(After this, per Captain America Reborn, for 616ers.)Sixty-nine years ago, 156,000 Allied soldiers landed on the coast of Normandy and attacked the Nazis in their sleep. It was a day that would go down in history as beginning of the end of Hitler's reign of terror, but we didn't know it at the time. Our commanders told us that we'd take the enemy by surprise, but it seemed like nothing of the kind when machine gunfire rained down on us as we stormed the beaches. I remember the terror gleaming in their eyes like it was yesterday
, because I had the distinction of living that day twice. Soldiers are often portrayed as stoic and impervious to their own peril, but you can't be brave if you're not scared. Valor, by its very definition, is the courage to persevere in the face of your greatest fears.
I take no shame in admitting that I was afraid that day -- and unlike my comrades, I had the benefit of a shield capable of repelling bullets. The valiant Americans, Britons, and Canadians beside me had only the uniforms on their backs. When their fellow soldiers fell, they pushed on. When they felt shrapnel tear into their flesh, they mustered the strength to disable the weapons of their own wounding. Nearly 4500 Allied soldiers died that day, with 115,000 more Allied deaths in the month-long battle that followed. And yet, to say that they
lost their lives is a misnomer. To lose something is to misplace it.
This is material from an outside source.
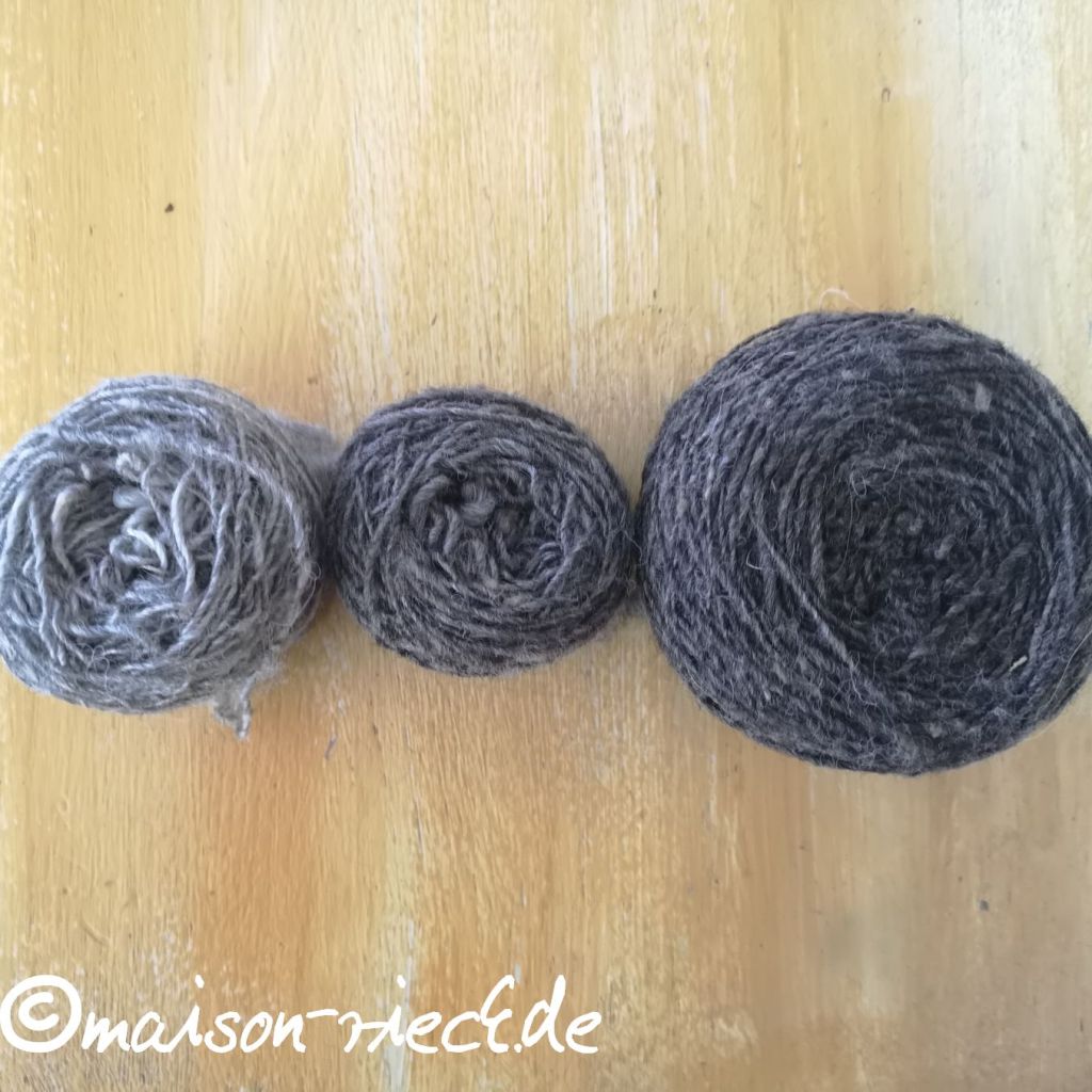 Um bei dem gewebten Tuch einen Farbverlauf von hell zu dunkel zu erhalten, habe ich für das erste Drittel helles Garn genommen, für das zweite Drittel mittelgraues und für das letzte Drittel dunkelgraues.

To be lost is to have gone astray. Those noble, courageous, and unselfish men (and a number of equally noble, courageous, and unselfish women)
knowingly sacrificed themselves so that others might live in a world without tyranny. Without their willingness to lay down their lives for the sake of the
human race, we would not be sitting here today with the
freedom to speak out against our oppressors -- if we were even sitting here today at all. Whether this is natively your world or whether you are simply a visitor, there would be no refuge, shelter, or sanctuary to grant if not for their valor and their suffering.
There can no overstating the magnitude of that sacrifice, but death is not the only sacrifice that those brave men and women made. For the millions of soldiers who returned home, having watched their friends die, having glimpsed the
carnage of concentration camps, and having witnessed some of the greatest atrocities ever committed on this Earth, peace was -- and for many, still
is -- the most difficult thing to find. Today, there are over a million veterans of World War II living in the United States alone, and far too many of them have been forgotten. We take for granted the freedom that they faced unimaginable horrors to return to us. We take for granted the liberty that would have been lost without their bravery. For the young, especially, World War II and D-Day are words and photographs in history books, but for the old, the memories are all too real.
Today, when you see the memorials honoring the dead, I ask that you also remember the living. Tomorrow, this anniversary will pass and you will return to your lives, but for the soldiers who survived those beaches and outlived all but a tiny fraction of their loved ones, the battle goes on.
Help them.
Find an hour a week, a weekend a month, or a few days a year to take the time to thank them with a word, a meal, a dollar, or a smile.
Honor them, by telling them about your lives and reminding them what they sacrificed so much of theirs for. It takes
so little to give
so much to the people who need and deserve it the most.